▸ **PROBLEM TO SOLVE**: Pictures in the data below are not part of the copy; transcribe everything else exactly.

▸ **INFORMATION SUPPLIED**:

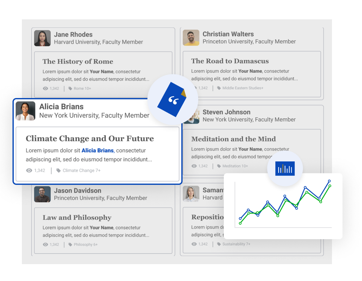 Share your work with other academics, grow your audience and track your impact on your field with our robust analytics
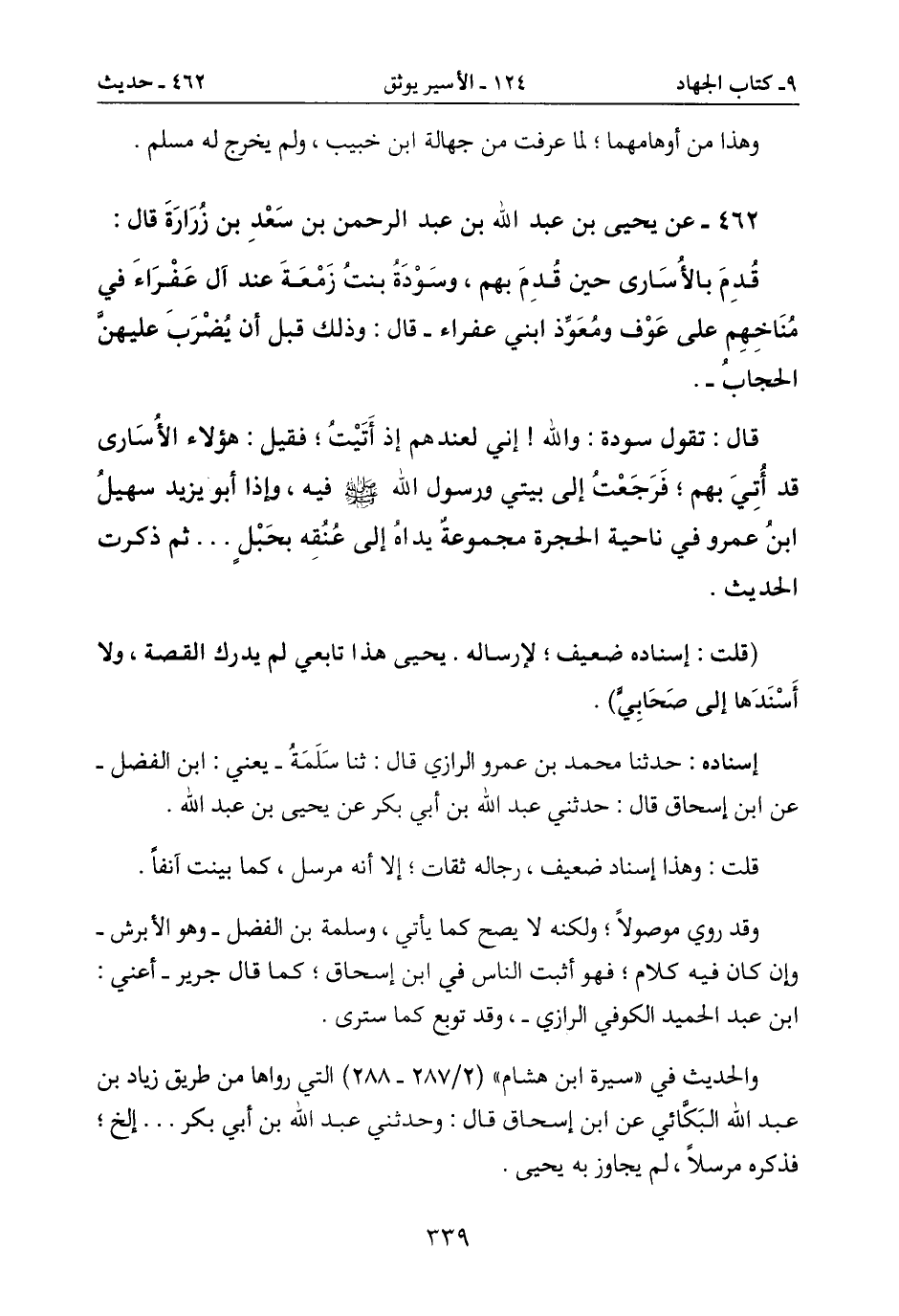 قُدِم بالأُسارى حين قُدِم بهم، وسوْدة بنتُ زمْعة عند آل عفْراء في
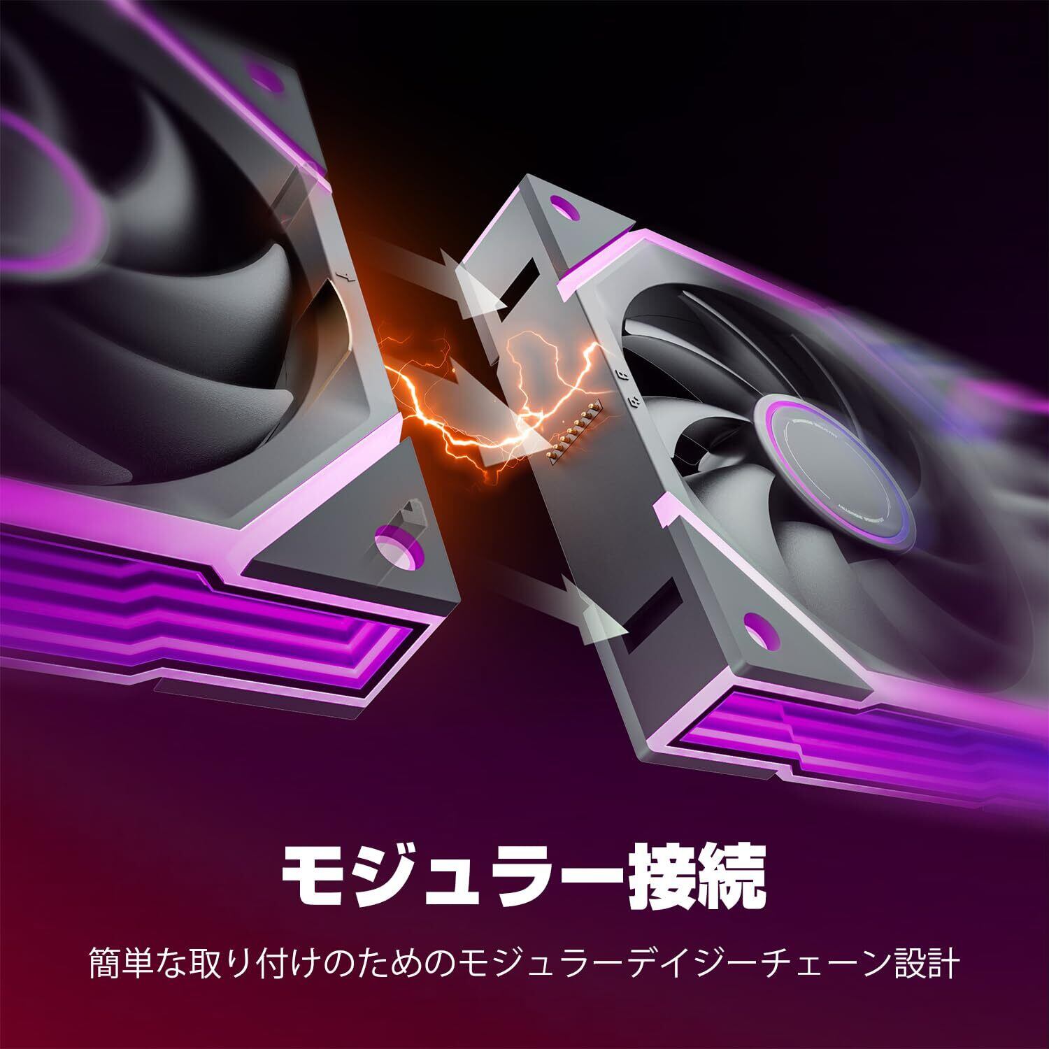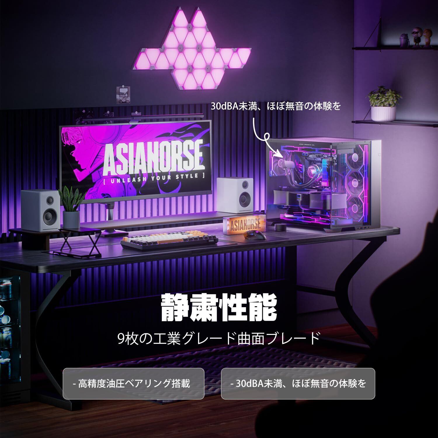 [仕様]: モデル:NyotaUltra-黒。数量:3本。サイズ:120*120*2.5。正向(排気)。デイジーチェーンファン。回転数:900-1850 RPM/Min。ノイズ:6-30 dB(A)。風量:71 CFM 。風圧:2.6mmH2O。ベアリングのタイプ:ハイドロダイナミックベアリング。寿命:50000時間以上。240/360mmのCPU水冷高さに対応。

▸ **RESPONSE**:
 Share your work with other academics, grow your audience and track your impact on your field with our robust analytics
 قُدِم بالأُسارى حين قُدِم بهم، وسوْدة بنتُ زمْعة عند آل عفْراء في
 [仕様]: モデル:NyotaUltra-黒。数量:3本。サイズ:120*120*2.5。正向(排気)。デイジーチェーンファン。回転数:900-1850 RPM/Min。ノイズ:6-30 dB(A)。風量:71 CFM 。風圧:2.6mmH2O。ベアリングのタイプ:ハイドロダイナミックベアリング。寿命:50000時間以上。240/360mmのCPU水冷高さに対応。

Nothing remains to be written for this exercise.